Background & Motivation¶

Background: Evaluating the "quality" of GenAI or Agentic systems typically boils down to a mean estimation task—accuracy, relevance rate, hallucination rate, toxicity rate, and tool-use success rate are all $\theta^\star=\mathbb{E}[Y]$. Currently, two mainstream approaches have flaws: (i) full human annotation, which is reliable but slow and expensive (expert review of an agentic trajectory—including retrieval, tool calls, reasoning, and final response—can cost several dollars); (ii) LLM-as-judge, which is cheap (cents per instance) but prone to systematic bias, especially in knowledge-intensive domains like medicine, law, and finance.

Limitations of Prior Work: The PPI framework proposed by Angelopoulos et al. (2023) was originally designed for this "small gold standard + large proxy prediction" scenario—providing unbiased estimates and nominal coverage confidence intervals. However, (i) extensions of PPI (PPI++, Stratified, PTD, ASI, cost-optimal) are scattered across various papers with inconsistent notation and fragmented reference implementations; (ii) the existing ppi_py library is an early foundational implementation of PPI that covers GLM/M-estimators but lacks depth for specialized mean estimation and integration of new methods; (iii) Agentic evaluation possesses four unique attributes (extreme cost asymmetry, natural stratification, available proxy uncertainty, and critical deployment scenarios) that perfectly match PPI branches, yet no library connects them end-to-end.

Key Challenge: In actual deployment, engineers need a path that provides unbiased estimation, valid confidence intervals, and maximizes annotation budget savings, with an automated way to select methods based on specific conditions (e.g., availability of cost estimates, proxy uncertainty, or natural stratification). The fragmentation of academic implementations makes this engineering-wise infeasible.

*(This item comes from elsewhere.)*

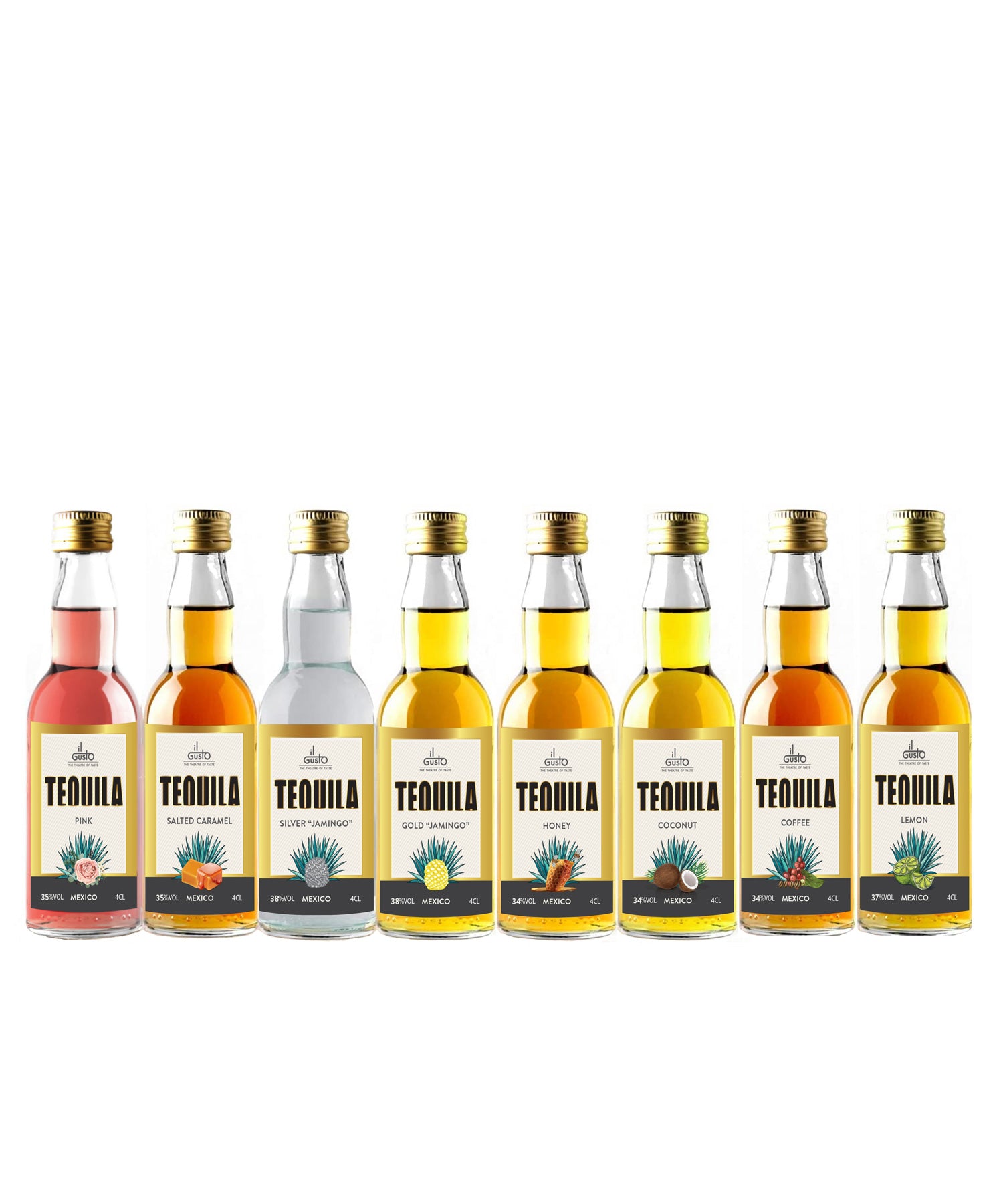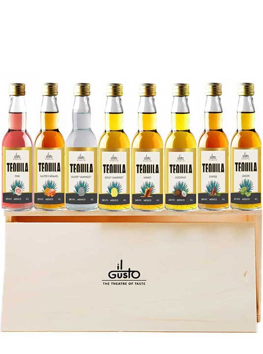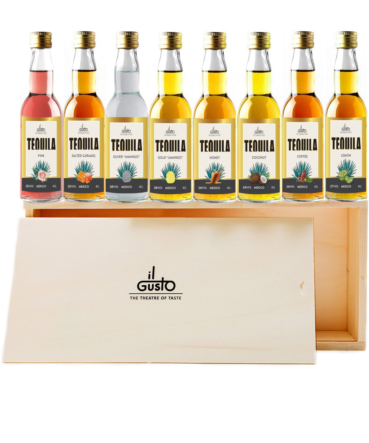 Packed full of deliciously flavoured spirits – this gorgeous gift set is a tequila lover’s dream. These tasty tipples are all sourced directly from the producer meaning they are the highest possible quality – simply pour into a chilled glass and enjoy. If you’re feeling creative, why not mix some of the spirits together to create something completely new – perfect for the creative cocktail maker! Presented in a luxury wooden box, the bright colours of these beautiful glass bottles are a stunning addition to your cocktail cabinet and make the perfect gift. Miniature 40ml each - Tequila Gift Set * Accessories not included.

Goal: Industrialize the progress of the PPI family from the past three years into a single scipy-style library, covering (1) unified estimator encapsulation; (2) unified sampler encapsulation; (3) a reproducible Monte Carlo validation suite; (4) an empirically calibrated decision tree for method selection; and (5) real-world agentic benchmark cases.

Key Insight: The authors intentionally focus only on mean estimation—the form taken by 90% of deployment-side evaluation metrics. Removing the generality of GLM/M-estimators significantly simplifies the codebase. Multiple estimators that diverge in general M-estimation collapse into the same form for mean estimation, improving API consistency. Simultaneously, "sampling / annotation / estimation" are explicitly divided into three stages, allowing samplers and estimators to be swapped and combined independently.

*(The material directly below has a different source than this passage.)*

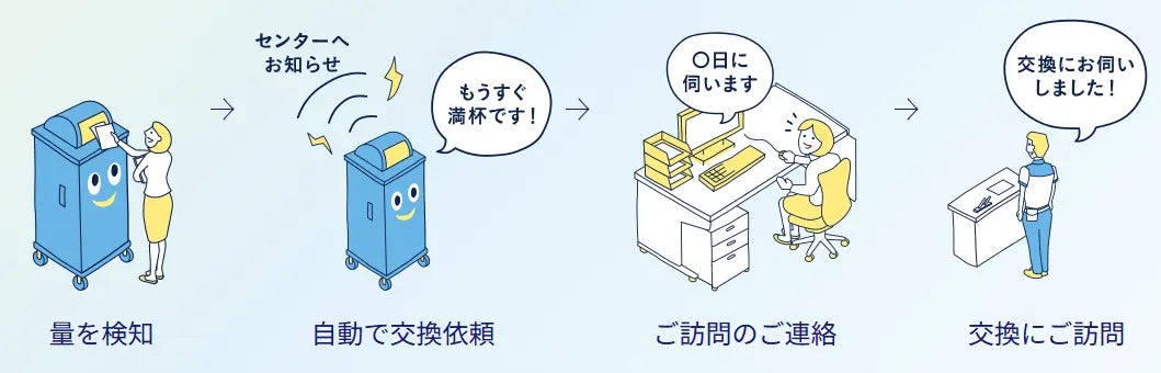 自動検知・自動依頼:ボックス内部に搭載されたIoTセンサーが文書量をリアルタイムで検知。満杯になる前にシステムが自動で回収依頼をセンターへ送信します。

Core Idea: Use the PPI++ style of "small human annotation + large LLM-as-judge prediction → unbiased mean + valid confidence interval" as the core, with stratified/active/cost-optimal methods as orthogonal plugins. It emphasizes an engineering slogan: "A better proxy does not replace human annotation but amplifies the human annotation budget."

Method¶

Overall Architecture¶

GLIDE divides the evaluation pipeline into three steps: Sampling → Annotation → Estimation. Given a pool of $N$ proxy-labeled data points (from LLM-as-judge), (1) a sampler selects $n$ instances for human annotation; (2) the annotation step is business-specific and external to the library; (3) an estimator merges $n$ human gold labels with $N$ proxy predictions to produce a debiased estimate $\hat\theta$ and a confidence interval. This sampler ↔ estimator decoupling allows for flexible mix-and-match, and new method contributors only need to implement a single file.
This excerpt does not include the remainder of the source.